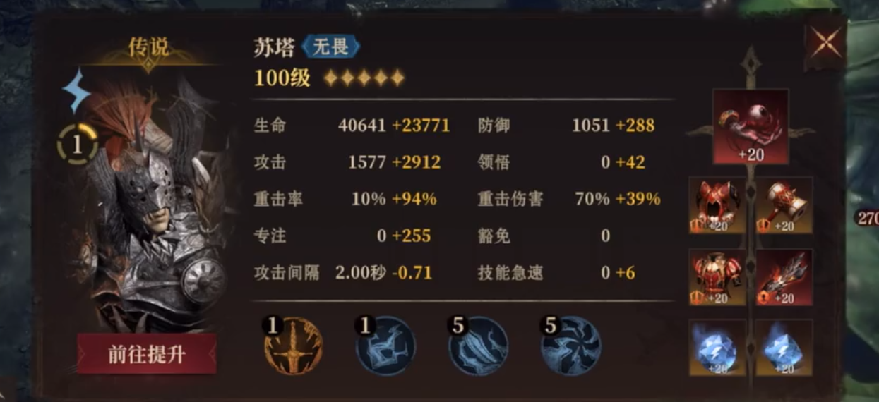 这一套无畏队伍里面,苏塔是破甲与普攻触发的工具人,他的被动技能幻影顺势斩,可以在平a的时候触发重击产生一个幻影,幻影随后对指定目标发动追击。建议属性堆满爆,从而可以保证被动有100%的几率触发。同时,苏塔的大招巨力肢解,发动总共5次连击,并且造成闪电伤害有30%概率触发重击,并且被苏塔大招击杀的敌方无法被复活。
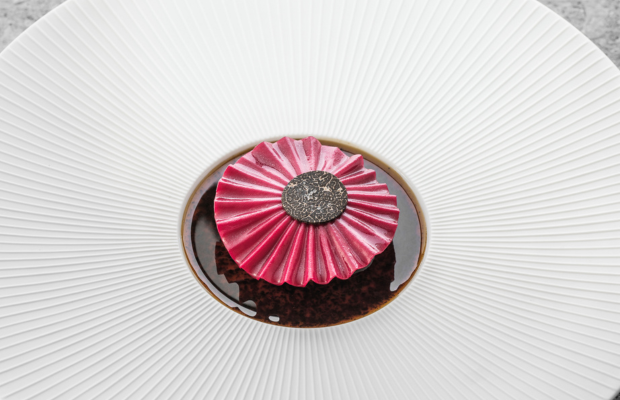 What’s on the menu? Each course reflects deep thought and meticulous execution. A tartlet of foie gras mousse with finger lime pearls and smoked maple syrup is layered with paper-thin pecan crisps – a decadent burst of texture and taste. Sea Urchin Louise with jellied oxtail, crème fraîche and chives is a delicate, yet flavour-packed homage to his young daughter. Elsewhere, trout from Schliersee, an idyllic freshwater lake near Munich, with iceberg lettuce, jalapeño, kohlrabi, horseradish, pumpernickel, dill and sauerkraut beurre blanc, evokes alpine purity.
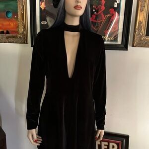 EXPRESS Women's Velvet Velour Choker Plunge Long Sleeve Black Romper
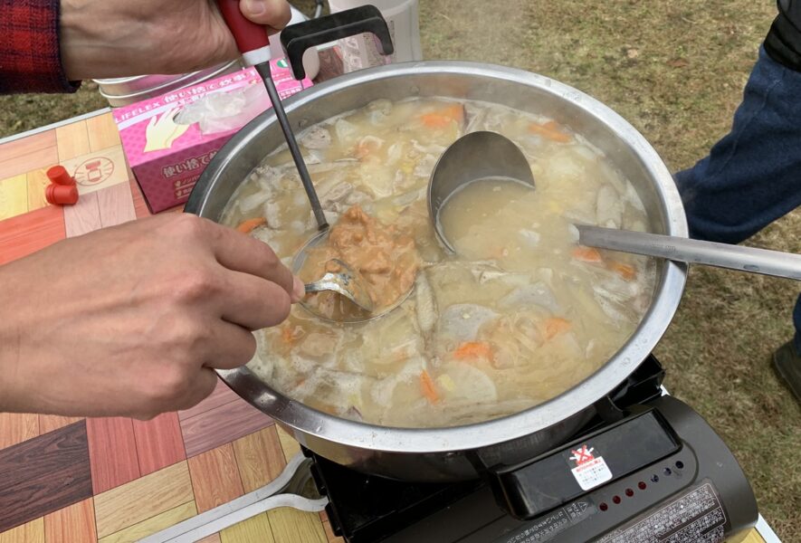 かぶとの森農園で採れた野菜の具だくさんお味噌汁をふるまいます
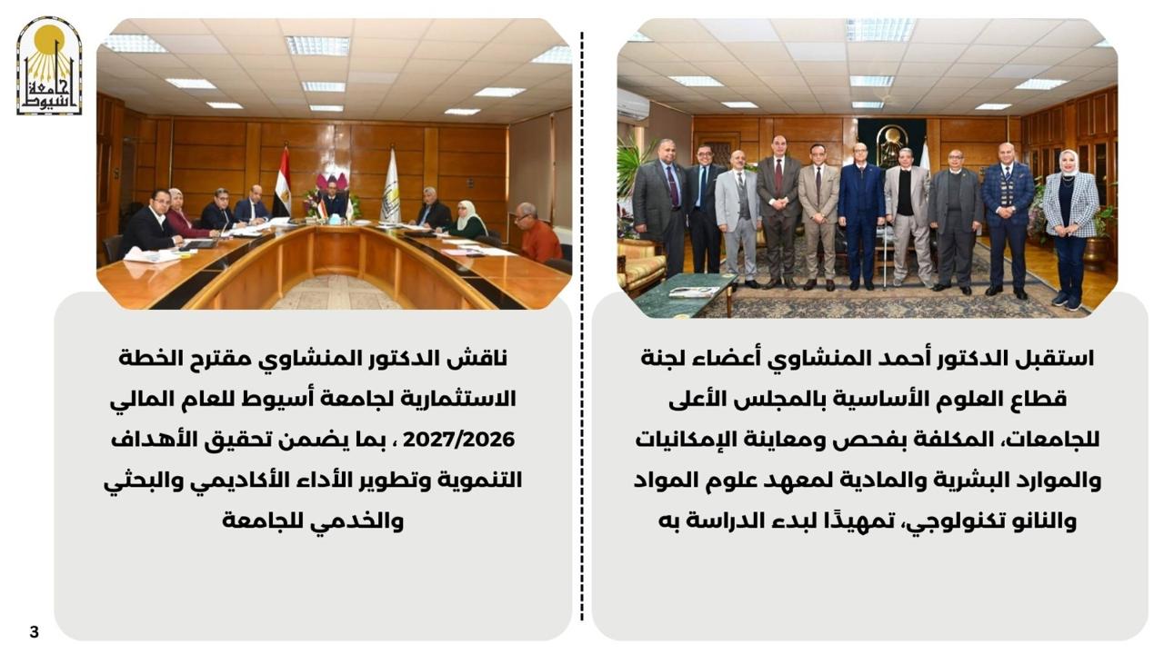 • ناقش الدكتور المنشاوي مقترح الخطة الاستثمارية لجامعة أسيوط للعام المالي 2026/2027 ، بما يضمن تحقيق الأهداف التنموية وتطوير الأداء الأكاديمي والبحثي والخدمي للجامعة.
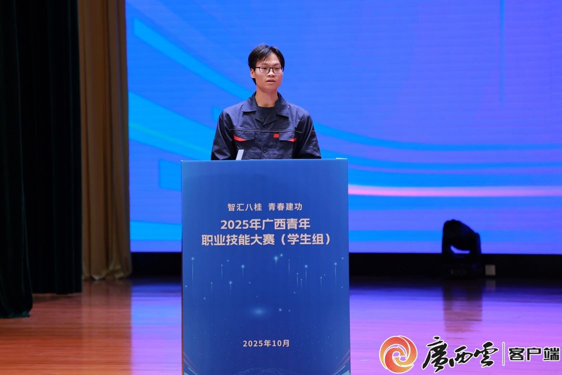 大赛选手代表、广西机电职业技术学院智装2401班顾绍航发言。通讯员玉韩摄
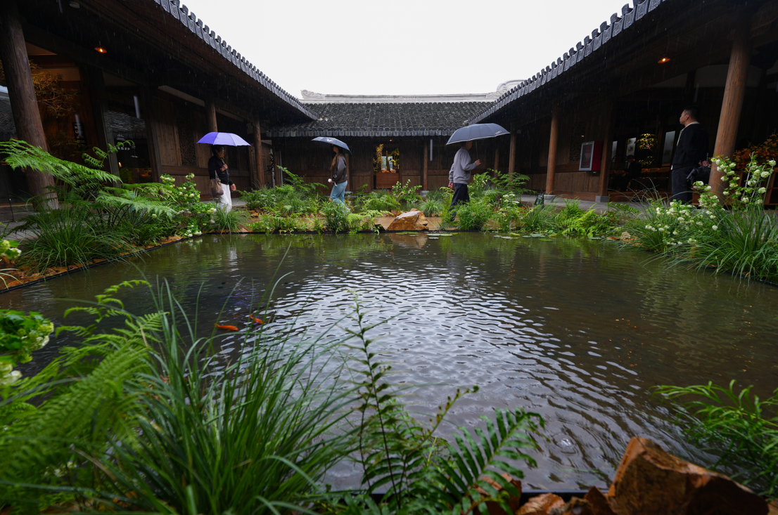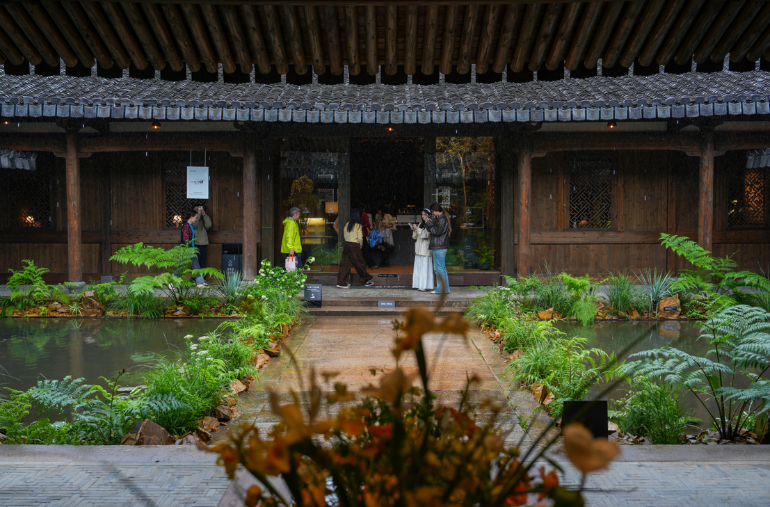 店面设计采用了半开放式的木结构建筑,店内各类绿植与手工木作家具点缀其间,为市民游客们带来了一份别样的文化品味。同时,艺术展览“垟间花事”胡蓉作品展同步揭幕。
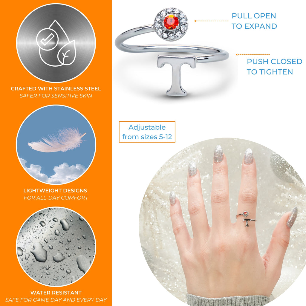 - š§”THE PERFECT University of Tennessee GIFT: This UT Vols ring is adjustable in size and will fit most, making it the perfect womens gift for yourself, Tennessee fans, graduates, students, moms, sisters, daughters and Tennessee alumni. Great gift for Mother's Day, Christmas, birthdays and graduation. Go Vols!

++++++++++++++++++++

Please print exactly the lines from the one holding "大赛选手代表、广西机电职业技术学院智装2401班顾绍航发言。通讯员玉韩摄" through the final line of the data above, including both, and skip all pictures.

 大赛选手代表、广西机电职业技术学院智装2401班顾绍航发言。通讯员玉韩摄
 店面设计采用了半开放式的木结构建筑,店内各类绿植与手工木作家具点缀其间,为市民游客们带来了一份别样的文化品味。同时,艺术展览“垟间花事”胡蓉作品展同步揭幕。
 - š§”THE PERFECT University of Tennessee GIFT: This UT Vols ring is adjustable in size and will fit most, making it the perfect womens gift for yourself, Tennessee fans, graduates, students, moms, sisters, daughters and Tennessee alumni. Great gift for Mother's Day, Christmas, birthdays and graduation. Go Vols!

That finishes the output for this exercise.